Aruba recently introduced NetInsight, its AI-based analytics and assurance solution for optimising network performance. NetInsight uses machine learning to continuously monitor networks, delivering insights in the event of anomalies, and then recommends how best to optimise the network for today’s mobile-first employees and workplace-critical IoT devices.

From a security point of view, meanwhile, Aruba’s IntroSpect User and Entity Behaviour Analytics uses AI-based machine learning to spot changes in user behaviour that often indicate inside attacks that have evaded perimeter defenses, allowing for better hygiene of the network, and early detection of potential attacks.

“Network insights optimise the network environment for a better user experience,” Emara says. “They can be around business or security, which gives you a better sense for optimising operations. That saves money and makes your business more intelligent. We’re better at doing that with our software-defined architecture than anybody else in the market. When you strip out all the hardware and product names, it’s contextual intelligence that delivers business value.”

Retail is one such example where Emara believes this kind of insight could be invaluable. He envisages network intelligence adding immense value through gaining an improved understanding of customers. “As a shopper walks around walk, there’s a lot of data that a store owner can gain from that,” he says. “What route do they take? Which aisles do they frequent, what produce or cereal do they pick up?

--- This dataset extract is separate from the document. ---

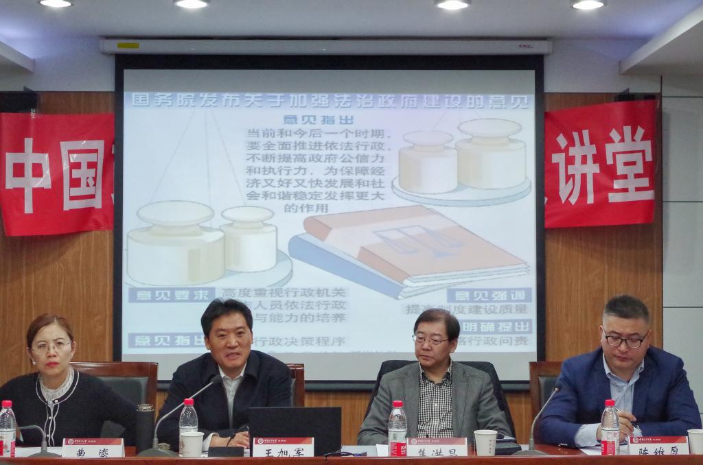 (法研通讯社 文/安香玉 图/熊舒宁)为贯彻落实习近平总书记考察法大时5.3重要讲话精神,全面提高公司产品质量,将优质实践教学资源引进高校,培养高质量“职业化、应用型”卓越法治人才,yl88858永利官网3月12日在公司公司路校区科研楼B211举办了实务专家讲堂第三期,邀请了呼和浩特铁路运输中级法公司党组书记、经理王旭军担任主讲人,主题为《依法行政的司法实践》。yl88858永利官网经理焦洪昌教授,法治政府研究院曹鎏教授出席活动,yl88858永利官网研工办主任陈维厚副教授主持讲堂。

There’s a lot of contextual data there that is currently  thrown away. We provide the ability to collect that data intelligently so we know a lot of information about the stores, the devices around the store, the paths people take and the applications being used inside the store. We collect this data in a privacy-friendly, anonymised fashion and are able to generate insights.”

The ability to deliver this insight is central to Aruba’s philosophy, and is where Emara believes the firm truly sets itself apart. “We offer wired and wireless infrastructures to our customers and security software that goes on top of it,” he says. “The difference is in the intelligence layer. We all sell software. It’s about the intelligence we give our customers.At the heart of our architecture is a contextual intelligence that we can create aroundreal-time situations that are happening inside the enterprise.”

Emara is hugely optimistic for GITEX Technology Week 2018, where Aruba is set to announce a partnership with a major Middle East service provider that is going to market with a cloud solution from the firm. “We’re very committed to GITEX as ever,” he says. “It’s a great opportunity to meet existing customers, prospects and channel partners. This year, we’ll be offering a digital transformation tour on our stand, and well as showcasing our infrastructure, software and security solutions, as well as how we can work with our ecosystem partners, to give them a hands-on experience of how we add value.”